В драматически разворачивающейся истории их взаимоотношений белые ночи играют решающую роль. Еще только подплывая к Кронштадту, в своем описании белых ночей на Балтийском море Кюстин создает одно из лучших в мировой литературе изображений этого феномена. Призрачный мир, где La sotto i giorni nubilosi e brevi / Nasce una gente а cui l’morir non dole («Там, где дни облачны и кратки, / Родится племя, которому умирать не больно», – как великолепно перефразировал Петрарку Пушкин в эпиграфе к шестой главе «Евгения Онегина»). Вратами в эту мистическую землю становится Петербург, странный город, грандиозный и мизерный, удивительный и обманчивый. Дни там похожи на ночь, ночи на день, умирать не больно, жить невозможно, и нет в человеческом разуме тех параметров, которыми бы его можно было охватить и осознать. Все в нем не то, что кажется, и у человека, любящего razio даже в Божественном, он не может не вызывать раздражения. Однако красота этого города, рожденного как неестественное подражание некоему идеальному миру, никогда не существовавшему и не могущему существовать, оказывается сильнее любого рационализма. Во время бала в Зимнем дворце наступает катарсис – в первом часу ночи неожиданно для себя маркиз испытывает невероятное наслаждение от «фантастической картины, написанной на ультрамариновом фоне в позолоченной раме окна». Это был вид Биржи в белую ночь. Красота северного неба и водной глади, куда это небо глядится, делает этот вид лучшим в Петербурге. Неважным становится качество архитектуры – имитацией греческого храма можно восхищаться, как это делаем мы, или называть его «театрально-помпезным», как это делает романтик Кюстин, – но божественный размах и величие пейзажа не могут никого оставить равнодушным. Именно с этого места начинается плавное течение всего города, его бесконечное монотонное перетекание, в котором в тихий гул смешиваются топот Медного всадника, шаги Раскольникова и Мечтателя, метания красного домино, гомон масок маскарада Серебряного века, ропот ссылаемых в Воронеж и возвращающихся умирать на Васильевский остров. Место для кульминации в драме Кюстина выбрано безошибочно, и оно определяет то, что драма оказывается удивительно точно разыгранной вплоть до блистательной развязки.

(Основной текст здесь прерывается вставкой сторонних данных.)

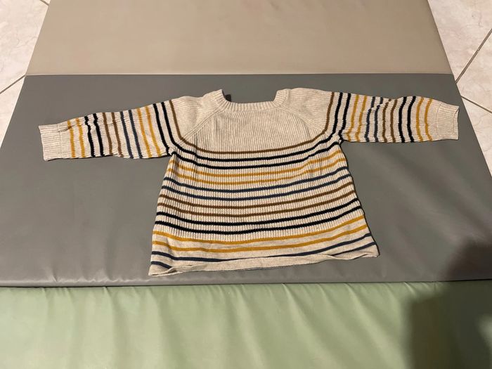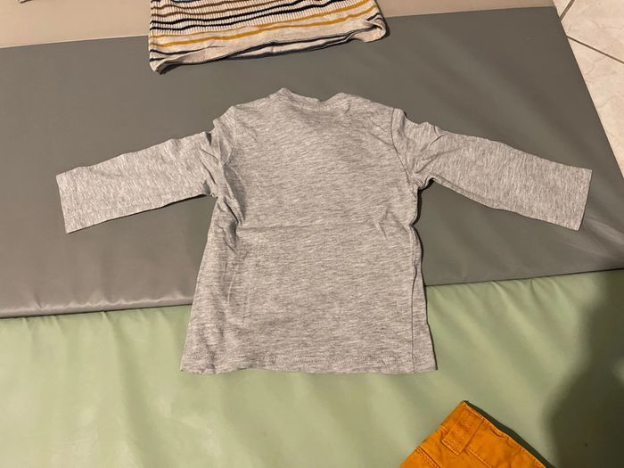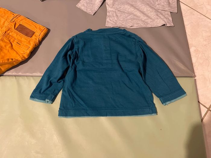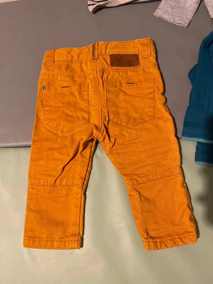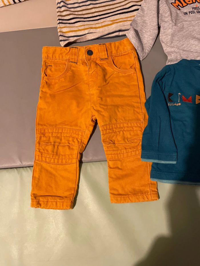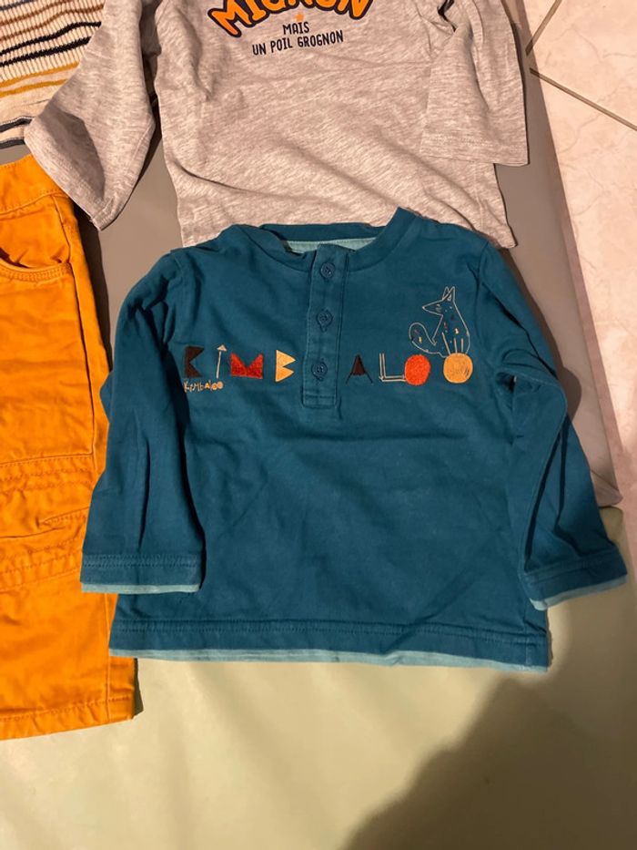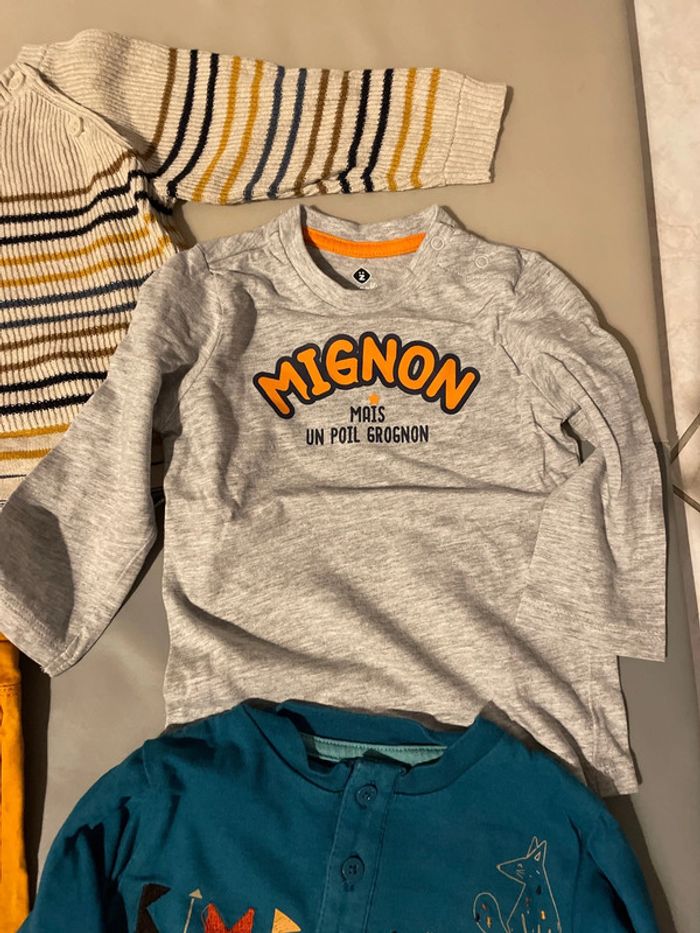 Ensemble 12 mois composé d’un pantalon de la marque Du pareil au même qui se ressert à la taille, d’un pull en laine (taille 4-6 mois 68 cm mais taille très grand) de marque Name It (provient de la malle Little cigogne) et de deux hauts à manches longues (un bleu de marque Kimbaloo et un gris avec inscription « Mignon mais un poil grognon » de marque Grain de Blé). Excellent état #dressingdeMilo12moisgarçon
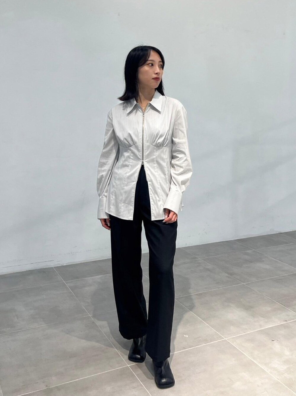 UNITED TOKYO STAFF(UNITED TOKYO)のシャツ/ブラウス「ジップアップスリムシャツ-ウォッシャブル-」を使ったコーディネート

Вода и небо – ведь действительно в Петербурге нет ничего прекрасней, чем они, и нет ни одного другого города на земле, где они бы столь мощно вписывались в ландшафт города. Белые ночи являются пиком петербургской фантасмагории, но серые дождливые дни и снежные ночи, когда вода сливается с небом и город почти пропадает, как тонкая черная полоска, окаймляющая свинцовую реку, – они так же прекрасны. Прекрасны и прогулки в это время, и отвратительная питерская погода делает их только еще более щемящими, безнадежными, меланхоличными и сладостными.

Вода и постоянное медленное течение этой воды, неизменное, но тихое и ничего внешне не меняющее движение – суть Петербурга.

«Вы несомненно знаете балладу Кольриджа, где английскому матросу привиделся скользящий по морю корабль: я вспомнил ее, глядя на призрачный спящий город».

Подобное понимание genius loci – духа места, – что снизошло на Кюстина во время его петербургской коллизии, мало кого посещает. Долгое время прогулки по Петербургу – это все, что оставалось у ленинградцев, у того нового племени, что заселило берега Невы после гибели старой столицы империи. Только прогулки оказывались связью с тем городом, что видел Кюстин из окна Зимнего дворца. Их ареал даже расширился – петербургский историзм и петербургский модерн, что так ужасали Серебряный век и Мир искусства, естественно влились в петербургскую панораму, став также разрушенными памятниками. Как в Колизей, заходили в 1960-1970-е годы в загаженные, некогда роскошные подъезды с разбитыми витражами, облупленными атлантами и разрушенными фонтанами. Их ложная мишура и часто безвкусная роскошь приобрели статус культурного абсолюта, став для интеллигентных и даже не очень интеллигентных ленинградских юношей и девушек таким же источником гордости, каким для флорентийцев являются Давид Микеланжело и фрески Мазаччо.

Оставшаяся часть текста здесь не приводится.